## INFORMATION SHOWN
____

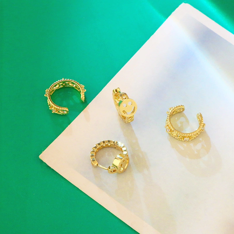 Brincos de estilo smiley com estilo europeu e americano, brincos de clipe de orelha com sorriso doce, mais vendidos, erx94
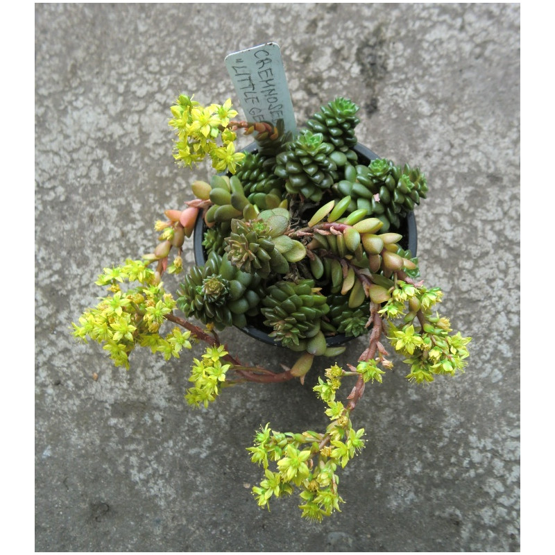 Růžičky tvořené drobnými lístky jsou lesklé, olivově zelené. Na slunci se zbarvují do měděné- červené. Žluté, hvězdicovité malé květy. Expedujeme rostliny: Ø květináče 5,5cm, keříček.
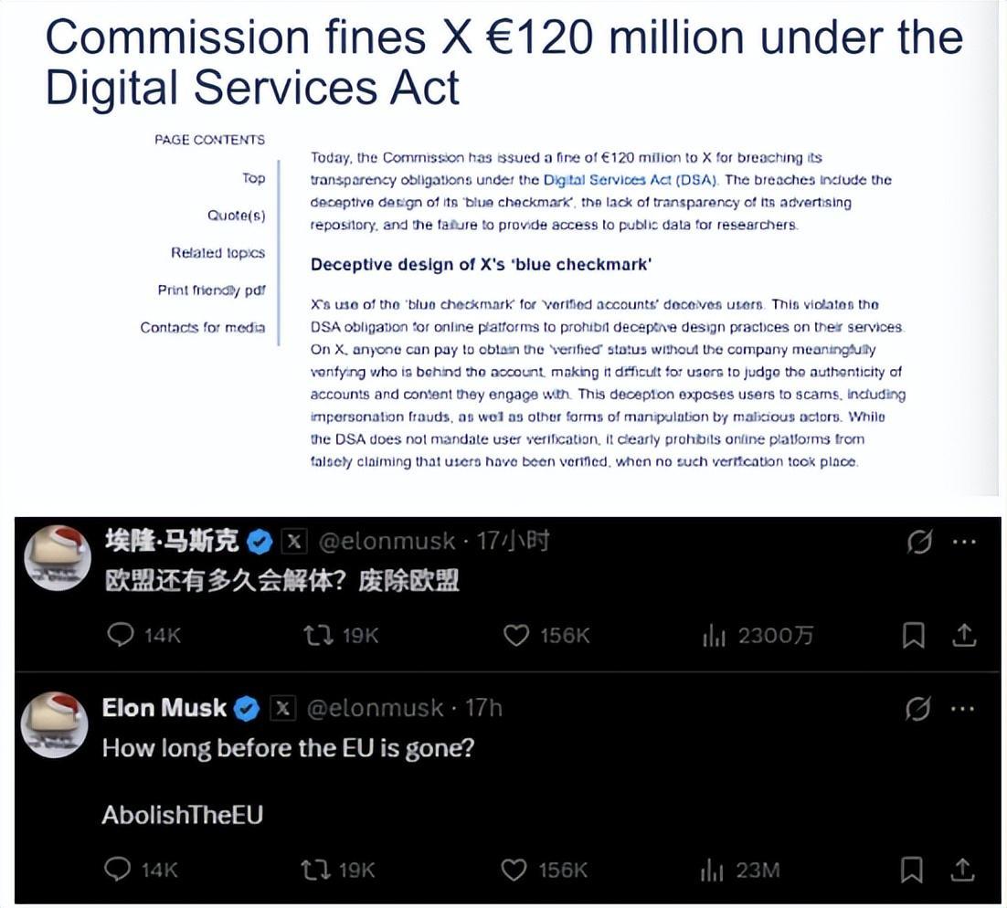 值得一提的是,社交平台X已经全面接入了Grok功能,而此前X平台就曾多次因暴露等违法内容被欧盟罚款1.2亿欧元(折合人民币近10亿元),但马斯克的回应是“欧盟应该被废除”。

____

## EXERCISE INSTRUCTIONS
The expected output is the complete listing, word for word, without any picture.

## EXERCISE RESPONSE
 Brincos de estilo smiley com estilo europeu e americano, brincos de clipe de orelha com sorriso doce, mais vendidos, erx94
 Růžičky tvořené drobnými lístky jsou lesklé, olivově zelené. Na slunci se zbarvují do měděné- červené. Žluté, hvězdicovité malé květy. Expedujeme rostliny: Ø květináče 5,5cm, keříček.
 值得一提的是,社交平台X已经全面接入了Grok功能,而此前X平台就曾多次因暴露等违法内容被欧盟罚款1.2亿欧元(折合人民币近10亿元),但马斯克的回应是“欧盟应该被废除”。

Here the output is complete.